TransUnion did a study where they analyzed records from nearly 200 properties comparing tenants who were evicted to those who were not evicted. They found that renters with previous evictions were far more likely to be evicted a second time. Because of this many landlords look at prior renting and eviction history as an indicator of how they will rent in the future.
The eviction records in the report include:
State – The state where the eviction took place
Country – The county where the eviction took place
Case Type – Forcible Entry/Detainer is the legal wording for an eviction
Plaintiff – Typically the landlord, apartment complex, or property manager
Judgment Amount – If left blank there could be no judgment amount but if rent is owed this could end up here
Action Date: The date the eviction was processed in court
Name – The person’s name that was evicted
Address – The address they were evicted from
The ways criminal records are to be considered are changing in many areas. It’s important to check your local laws to make sure there aren’t additional considerations placed in your area.
Generally, when looking at the criminal records relating to a tenant landlords need to have a legitimate connection between how this might affect their ability to pay rent.
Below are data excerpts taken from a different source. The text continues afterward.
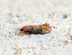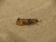 The wingspan is 10–12 mm The forewing is reddish brown with narrow, grey cross-bands.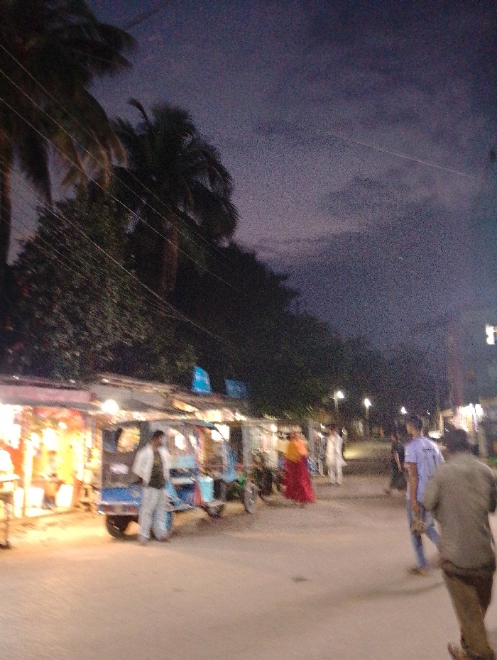 street scene in Bhola, Bangladesh, located at latitude 22.657 and longitude 90.663. The scene is taken at night, with a dusky sky and streetlights illuminating the road. There are several people walking on the street, including a man in a blue shirt walking towards the left, a woman wearing a red and white sari walking in the opposite direction, and a man in a beige shirt walking towards the right. Two men in white shirts are walking towards the right in the distance. The street is lined with shops and street vendors, selling various goods. There are several rickshaws parked on the side of the road. The scene is bustling with activity, with people going about their daily lives in the late evening. The trees in the background are silhouetted against the twilight sky. The image is slightly blurry, but it captures the essence of a typical street scene in Bhola, Bangladesh.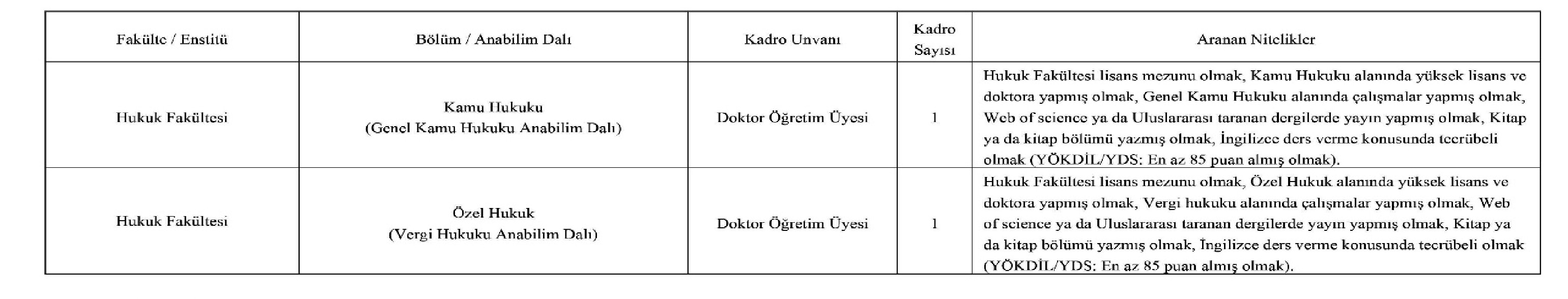ÖĞRETİM ÜYESİ ALIM İLANI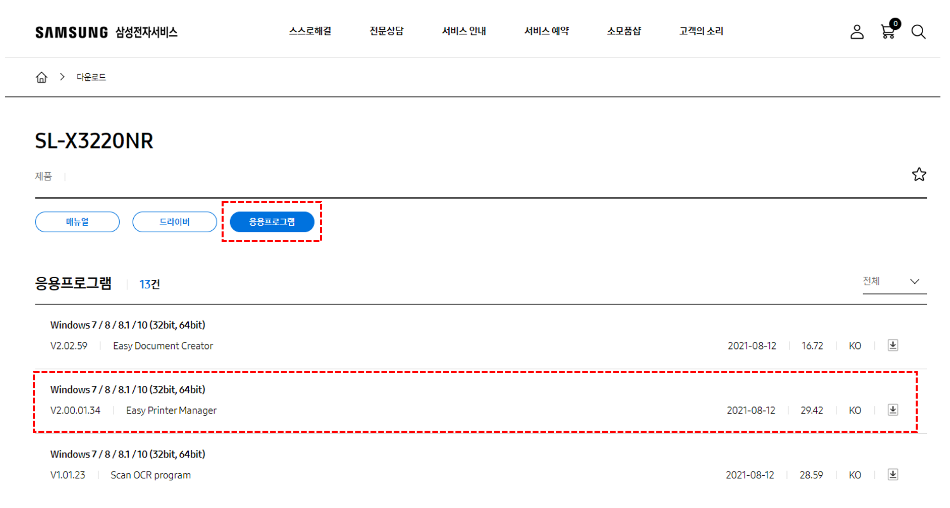 3. 응용프로그램 - Easy Printer Manager 다운로드 및 설치

For example, if they have a traffic violation on their record this is unlikely to affect their ability to pay the rent and so would normally not be considered as part of your tenant assessment. However, if they work as a truck driver and they lost their job due to a traffic violation this could impact their ability to pay rent and may be a factor that you would consider.
Our SmartMove reports, search over 200 million records at the State and Federal levels.
Arrests vs Conviction
Arrested – This states you were taken into custody but doesn’t necessarily mean you were convicted.
Charged – This is the next step where the prosecutor’s office will make a decision on whether to charge you. This states the criminal charges you are facing.
Convicted – The person has been proven or declared guilty of the offense.
Sentenced – This is when a formal judgment is issued that spells out the punishment.
It is essential to understand the difference between arrests and convictions as the HUD says very clearly that you should not deny an applicant based solely on an arrest without conviction.
If you’re going to use a criminal record to make your final decision in your screening you must make a viable case for why that crime is relevant to them renting the property or jeopardizes the resident safety and/or property.
AKAs (Also Known As)
AKAs stands for “also known as” a maiden name is the most common example of an AKA.
If your applicant’s name is “Michael Smith” an AKA can be listed as “Mike Smith.”
In the criminal sense, if the person committed a crime under a known alias (or pseudonym), that alias would show up under this section.
Some people have a known alias that acts as a nickname while others have gone through the legal steps to change their name.